News Briefs
Date Posted: April 6 2016
Supreme Court: pay for time to takes to suit up
WASHINGTON (PAI)—By a 6-2 vote, the U.S. Supreme Court gave workers a win on March 24, ruling workers at a Tyson Foods pork processing plant in Iowa – and by implication, workers in general – should be paid for the time it takes to put on work gear.
The win is expected to net the 2,900 affected workers just over $1,000 each they lost because Tyson didn’t pay them for time they spend donning and doffing protective gear, such as heavy aprons, boots and face shields and goggles. Federal law requires such payments.
Justice Anthony Kennedy said that because Tyson did not keep accurate records of the time workers spent donning and doffing the protective gear, the workers could use statistical evidence by an outside expert to prove that, as a class, they should earn back pay. Tyson argued that because the workers’ protective gear changed day by day, they did not have a common cause they could use for a class-action suit to recover the lost pay. The workers said their common cause was that they all illegally lost money, and Kennedy agreed.

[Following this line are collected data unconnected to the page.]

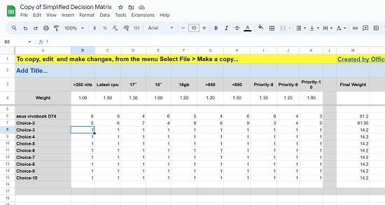 Next, specify the Weight for every Priority based on its considered. Now, go ahead and specify the Scores for every Priority under each and every Choice and you will visualize the total scores are automatically updated in real time at the end of each row. The Choice with the highest score is the clear winner and you can take your decision based on it.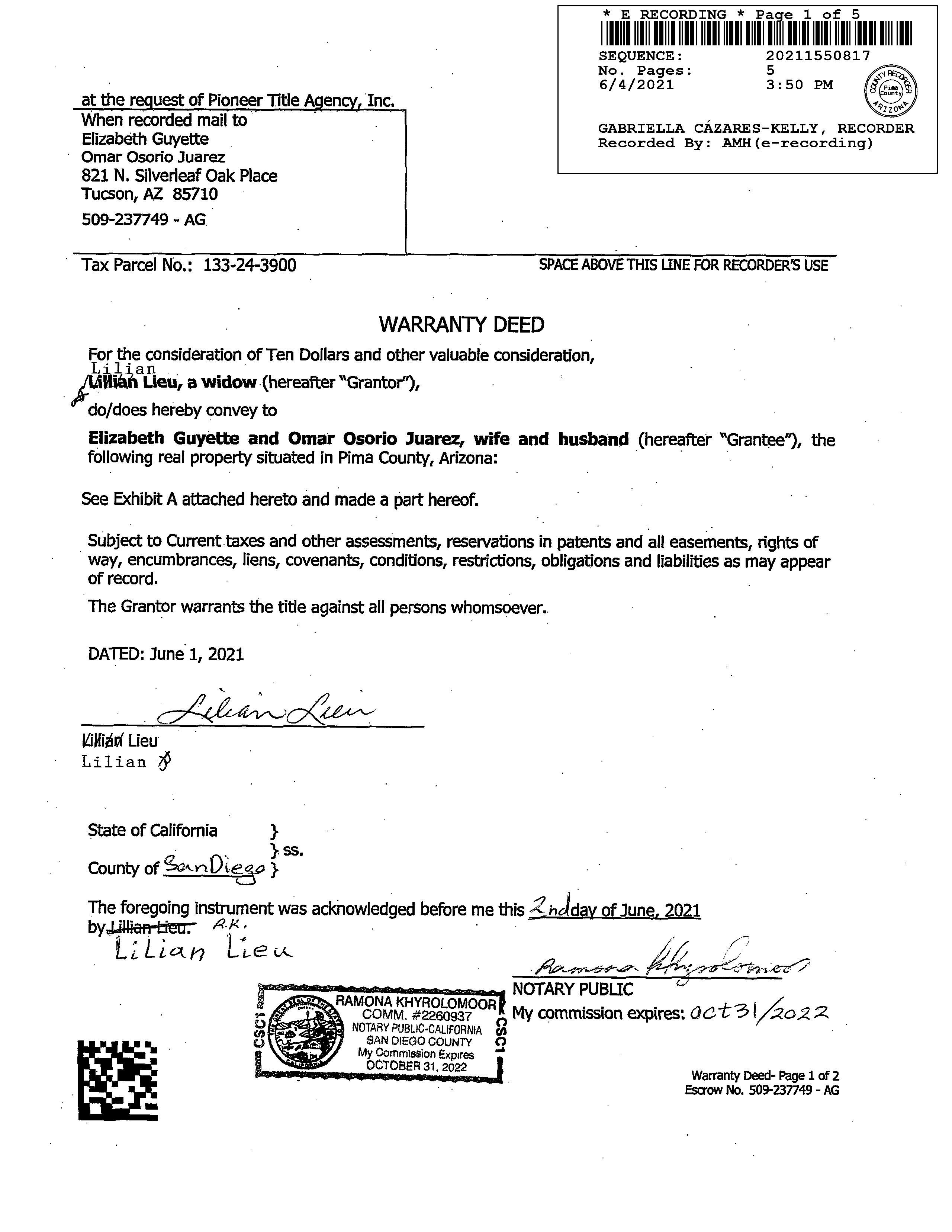 Title Insurance Policy. First American Title will deliver your policy and your recorded deed.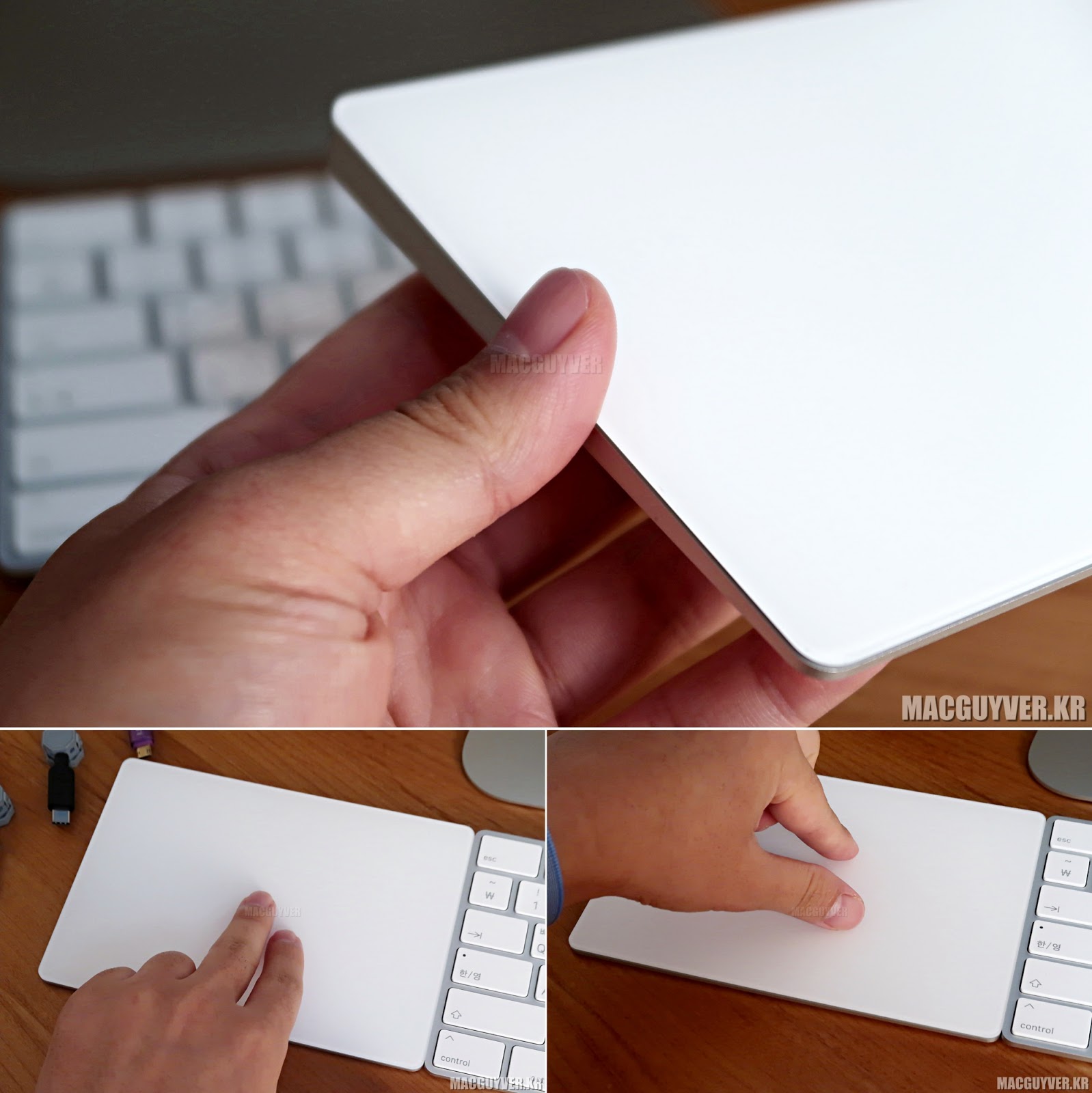 무엇보다 이전 트랙패드와 비교해서 30%가량 더 넓어진 트랙패드 면적을 통해서 자유롭고 다양하게 활용할 수 있다는 점도 좋았는데요. 무게는 230g 정도였고, 가로 너비는 16cm이기 때문에 매직 키보드와 함께 사용하기 위해서는 적어도 60cm 이상의 공간은 필요했습니다.
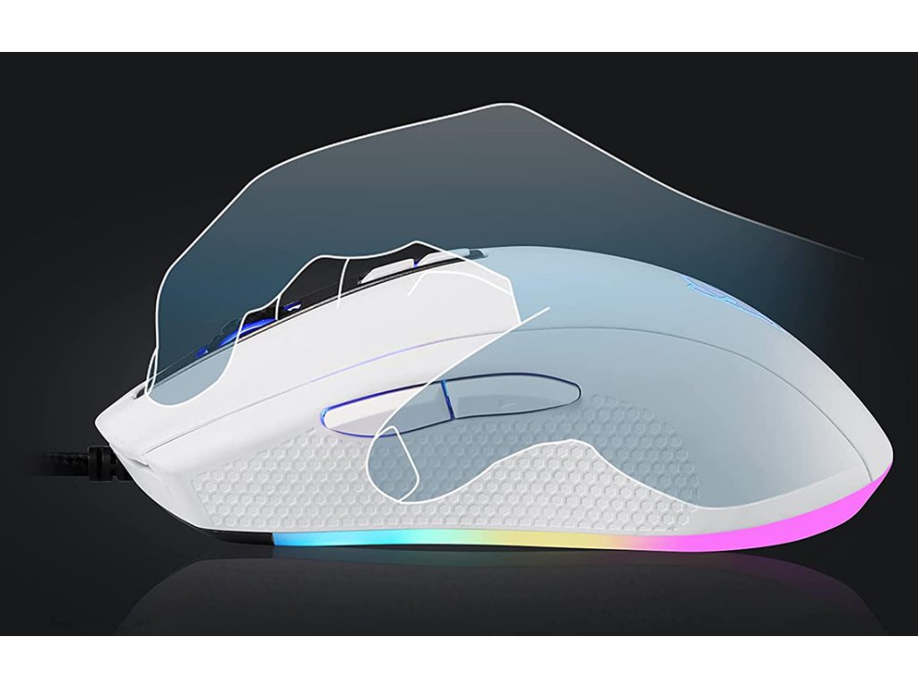 Ergonomický tvar podporuje istý úchop a lepšiu kontrolu. Povrch s teflónovou úpravou je odolný voči opotrebeniu a pomáha udržať stabilný sklz pri používaní. Myš dopĺňa dynamické RGB podsvietenie so 4 režimami, ktoré jej dáva moderný herný vzhľad.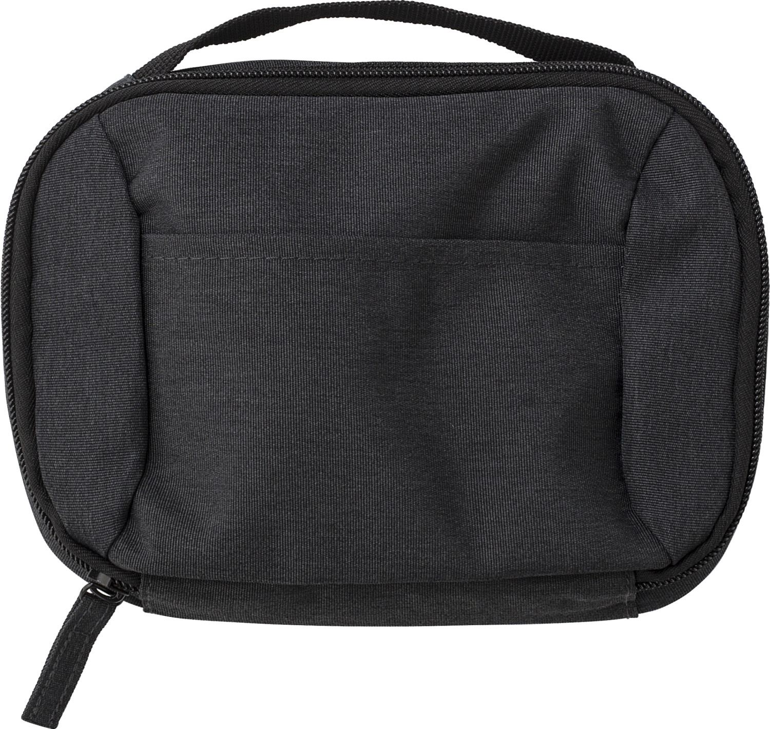 Reisetasche aus Polyester (600D) mit kurzer Trageschlaufe. Ein Fach mit mehreren Taschen für Kabel und Reisedokumente. Eine kleine Tasche auf der Vorderseite.

“Whether and when statistical evidence can be used to establish class-wide liability depends on the purpose for which the evidence is being introduced and on the elements of the underlying cause of action,” Kennedy said. “Because a representative sample may be the only feasible way to establish liability, it cannot be deemed improper merely because the claim is brought on behalf of a class.”
Wage hikes still can't get traction
Average wage growth in the U.S. is staying about the same as it has in the past, and that's not good news for the nation's economic health.
That's according to the Economic Policy Institute, which reported in March that between 2014 and 2015, average hourly nominal wages for private-sector workers grew 2.2 percent, in line with the 2.0–2.2 percent trend over the previous six years.
"At that slow rate," the EPI said, "this crucial measure illustrates just how far the economy remains from a full recovery, let alone full employment. The weakened labor market of the last seven years has put enormous downward pressure on wages. Employers still don’t have to offer substantial wage increases to attract or retain the workers they want, even as the recovery has forged ahead in recent years."
The slow wage growth has actually been going on for decades. The EPI said since 1979, had all U.S. workers' wages risen in line with higher productivity, Americans earning $50,000 today would instead be earning $75,000.
"A hugely disproportionate share of economic gains from rising productivity is going to the top 1 percent and to corporate profits, instead of to ordinary workers—who are more productive and educated than ever," the EPI report said.